§ **Activity**: Omitting the pictures, print every line below exactly as it stands.
*** Data extract ***
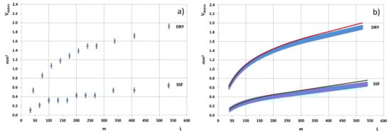 Debris volume vs. slight length in dry conditions and in SSF: (a) experimental points of Vdebris vs. L deduced from weight measurements [], (b) Comparison between curves deduced from weight measurements (blue ribbons) and curves obtained with volume measurements (red lines).
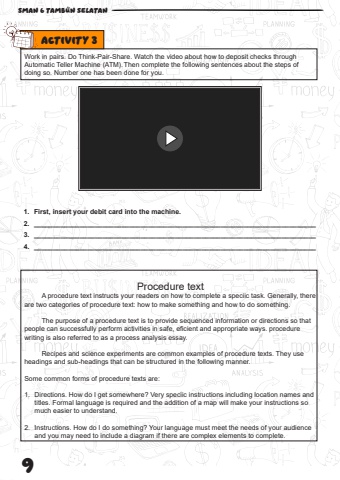 9 SMAN 6 TAMBUN SELATAN Work in pairs. Do Think-Pair-Share. Watch the video about how to deposit checks throughAutomatic Teller Machine (ATM).Then complete the following sentences about the steps of doing so. Number one has been done for you.Procedure textA procedure text instructs your readers on how to complete a speciic task. Generally, there are two categories of procedure text: how to make something and how to do something.The purpose of a procedure text is to provide sequenced information or directions so that people can successfully perform activities in safe, eficient and appropriate ways. procedure writing is also referred to as a process analysis essay.Recipes and science experiments are common examples of procedure texts. They use headings and sub-headings that can be structured in the following manner.Some common forms of procedure texts are:1. Directions. How do I get somewhere? Very speciic instructions including location names and titles. Formal language is required and the addition of a map will make your instructions so much easier to understand.2. Instructions. How do I do something? Your language must meet the needs of your audience and you may need to include a diagram if there are complex elements to complete.Activity 31. First, insert your debit card into the machine.2. __________________________________________________________________________3. __________________________________________________________________________4. __________________________________________________________________________
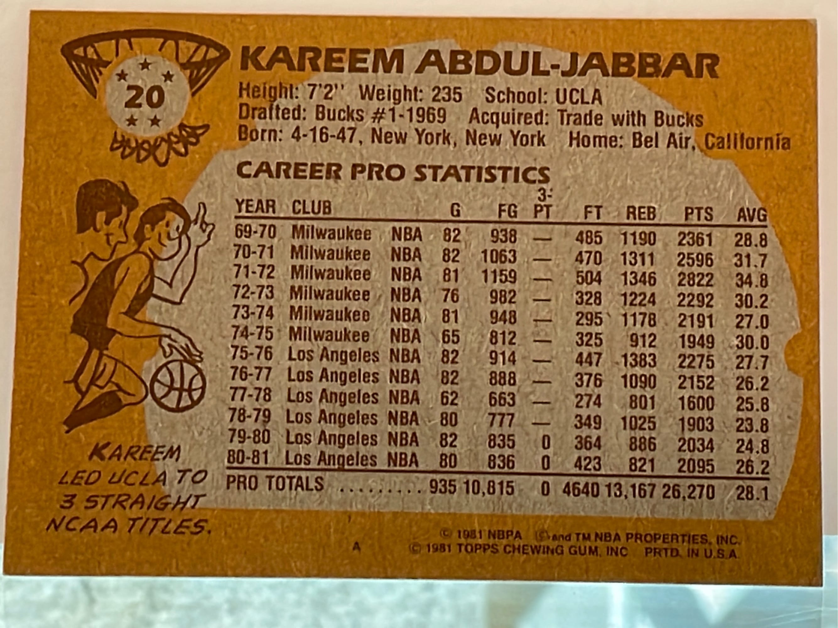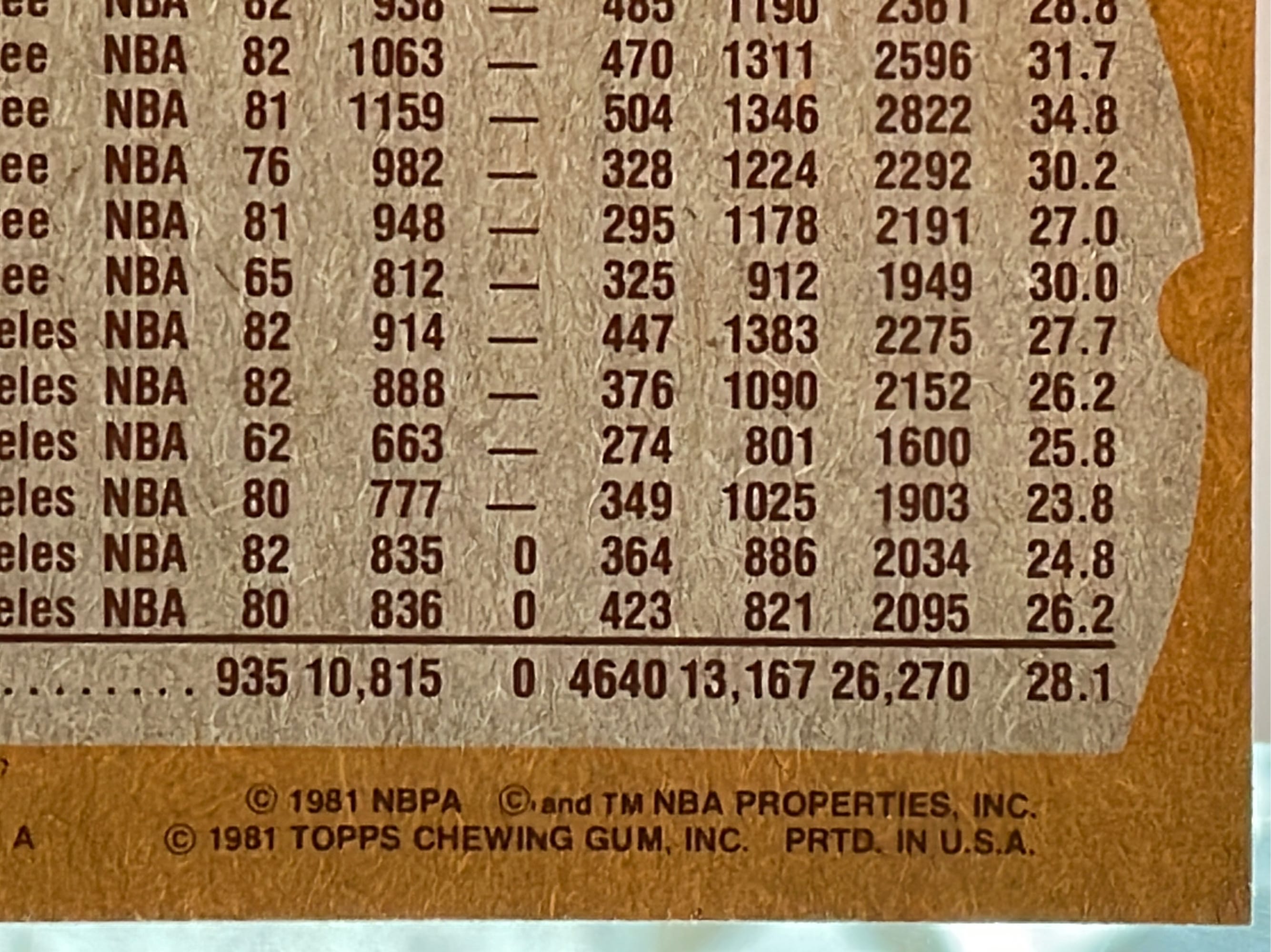 105 (1) Basketball Card: 1981 NBPA TOPPS Kareem Abdul-Jabbar
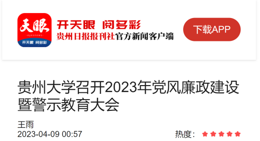 4月6日,贵州大学召开2023年党风廉政建设暨警示教育大会。学校领导李建军、宋宝安、骆长江、令狐彩桃、唐本文、周少奇、漆思、陈祥盛出席会议,学校办公室、校党委组织部、宣传部、统战部主要负责同志,全校副处级以上干部和校纪委、校党委巡察办全体干部,各基层纪委书记,机关党委下属党总支、党支部纪检委员参加会议。会议由学校党委常委、纪委书记、监察专员唐本文主持。
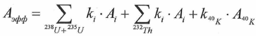 в которой суммирование ведется по всем гамма-излучающим радионуклидам природных рядов 238U и 235U (первое слагаемое), 232Th (второе слагаемое) и 40K (третье слагаемое), а коэффициенты ki учитывают относительный вклад гамма-излучения каждого из природных радионуклидов во внешнее гамма-излучение материала с данным содержанием природных радионуклидов. В условиях радиоактивного равновесия в рядах 238U и 232Th значение Аэфф рассчитывается по формуле (1).
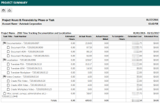 Estimated hours, actual hours, actual hours billed, % complete hours, extended cost, extended price and summary notes for the selected project at the task or phase level. |
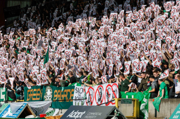 "Svi navijači Seltika protiv uprave", pisalo je na velikom zelenom transparentu.
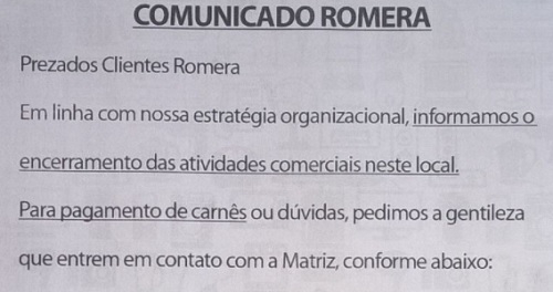 Trecho do comunicado do fechamento das Lojas Romera em Campo Mourão.
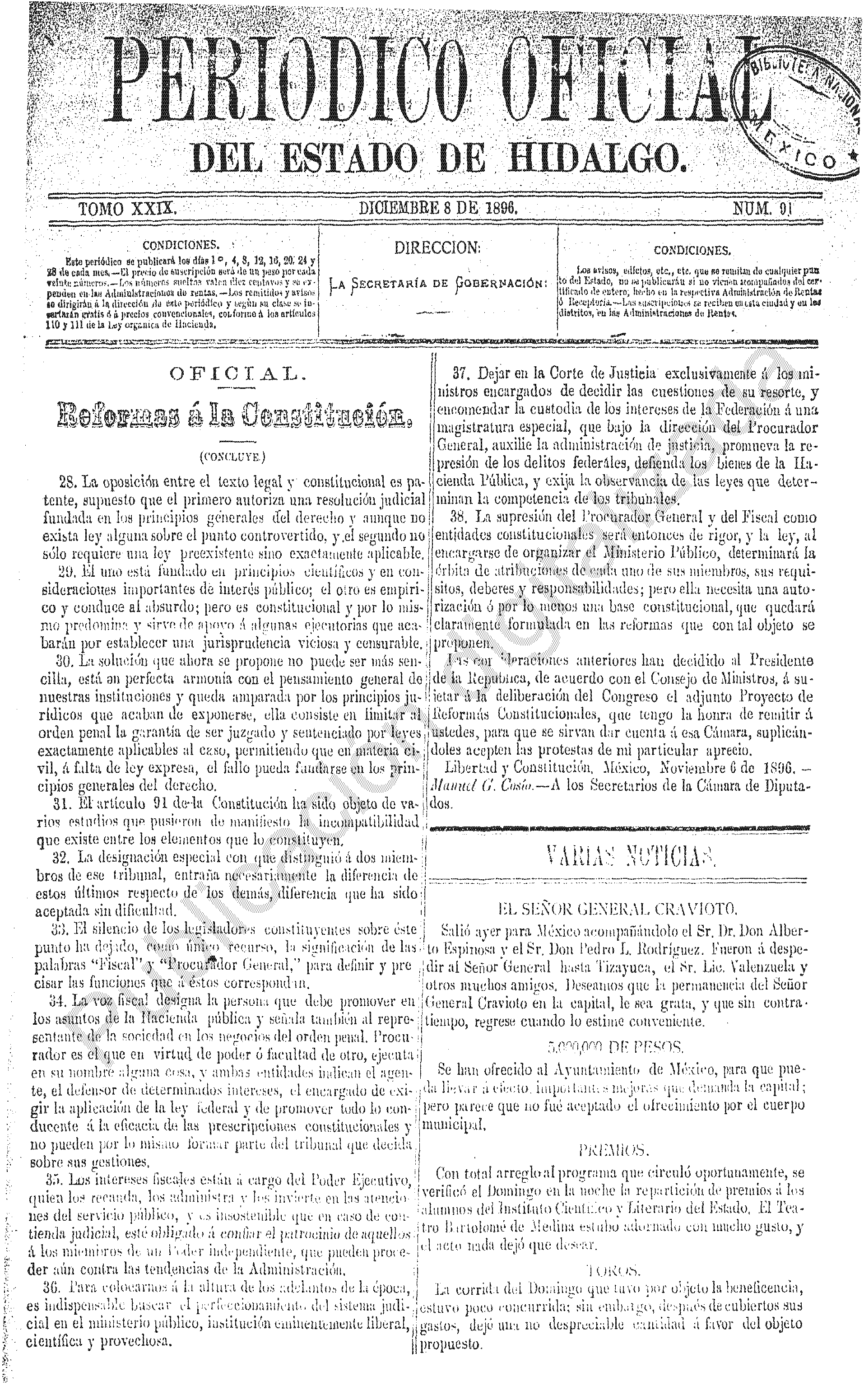 Periódico Oficial Ordinario 0 del 08 de diciembre de 1896
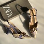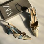 Step out in style with Zara Floral Embroidered Pumps. Featuring delicate floral embroidery and chic chain detailing, these pumps add a feminine and sophisticated touch to any outfit. Perfect for both casual and dressy occasions.
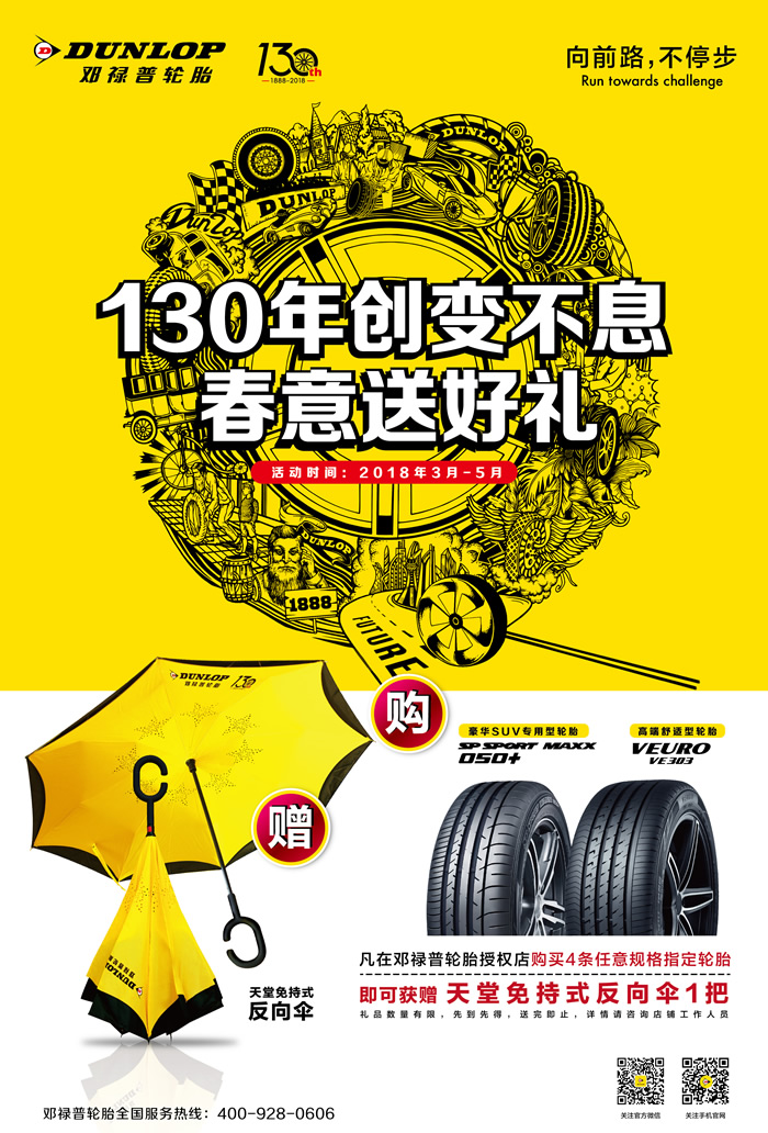 值此130周年慶典之際,為了回饋廣大車主對鄧祿普的厚愛與支持,鄧祿普將在全國范圍內(nèi)推出“春意送好禮”促銷活動:2018年3月至5月,消費(fèi)者前往鄧祿普指定門店購買4條SP SPORT MAXX 050+或VEURO VE303輪胎,即可獲贈印有紀(jì)念LOGO的定制版天堂免持式反向傘,無論風(fēng)雨,鄧祿普都將與車主一路相伴。
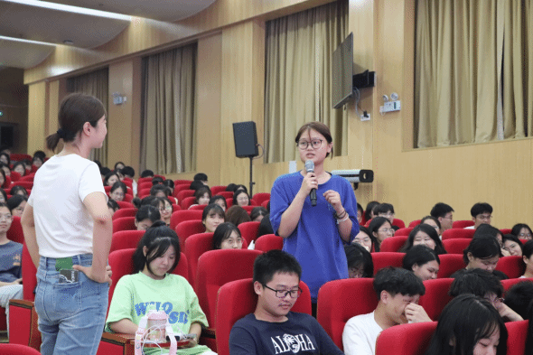 (蔡老师与现场新生互动)
*** End of Data extract ***
§ **Problem solution**:
 Debris volume vs. slight length in dry conditions and in SSF: (a) experimental points of Vdebris vs. L deduced from weight measurements [], (b) Comparison between curves deduced from weight measurements (blue ribbons) and curves obtained with volume measurements (red lines).
 9 SMAN 6 TAMBUN SELATAN Work in pairs. Do Think-Pair-Share. Watch the video about how to deposit checks throughAutomatic Teller Machine (ATM).Then complete the following sentences about the steps of doing so. Number one has been done for you.Procedure textA procedure text instructs your readers on how to complete a speciic task. Generally, there are two categories of procedure text: how to make something and how to do something.The purpose of a procedure text is to provide sequenced information or directions so that people can successfully perform activities in safe, eficient and appropriate ways. procedure writing is also referred to as a process analysis essay.Recipes and science experiments are common examples of procedure texts. They use headings and sub-headings that can be structured in the following manner.Some common forms of procedure texts are:1. Directions. How do I get somewhere? Very speciic instructions including location names and titles. Formal language is required and the addition of a map will make your instructions so much easier to understand.2. Instructions. How do I do something? Your language must meet the needs of your audience and you may need to include a diagram if there are complex elements to complete.Activity 31. First, insert your debit card into the machine.2. __________________________________________________________________________3. __________________________________________________________________________4. __________________________________________________________________________
 105 (1) Basketball Card: 1981 NBPA TOPPS Kareem Abdul-Jabbar
 4月6日,贵州大学召开2023年党风廉政建设暨警示教育大会。学校领导李建军、宋宝安、骆长江、令狐彩桃、唐本文、周少奇、漆思、陈祥盛出席会议,学校办公室、校党委组织部、宣传部、统战部主要负责同志,全校副处级以上干部和校纪委、校党委巡察办全体干部,各基层纪委书记,机关党委下属党总支、党支部纪检委员参加会议。会议由学校党委常委、纪委书记、监察专员唐本文主持。
 в которой суммирование ведется по всем гамма-излучающим радионуклидам природных рядов 238U и 235U (первое слагаемое), 232Th (второе слагаемое) и 40K (третье слагаемое), а коэффициенты ki учитывают относительный вклад гамма-излучения каждого из природных радионуклидов во внешнее гамма-излучение материала с данным содержанием природных радионуклидов. В условиях радиоактивного равновесия в рядах 238U и 232Th значение Аэфф рассчитывается по формуле (1).
 Estimated hours, actual hours, actual hours billed, % complete hours, extended cost, extended price and summary notes for the selected project at the task or phase level. |
 "Svi navijači Seltika protiv uprave", pisalo je na velikom zelenom transparentu.
 Trecho do comunicado do fechamento das Lojas Romera em Campo Mourão.
 Periódico Oficial Ordinario 0 del 08 de diciembre de 1896
 Step out in style with Zara Floral Embroidered Pumps. Featuring delicate floral embroidery and chic chain detailing, these pumps add a feminine and sophisticated touch to any outfit. Perfect for both casual and dressy occasions.
 值此130周年慶典之際,為了回饋廣大車主對鄧祿普的厚愛與支持,鄧祿普將在全國范圍內(nèi)推出“春意送好禮”促銷活動:2018年3月至5月,消費(fèi)者前往鄧祿普指定門店購買4條SP SPORT MAXX 050+或VEURO VE303輪胎,即可獲贈印有紀(jì)念LOGO的定制版天堂免持式反向傘,無論風(fēng)雨,鄧祿普都將與車主一路相伴。
 (蔡老师与现场新生互动)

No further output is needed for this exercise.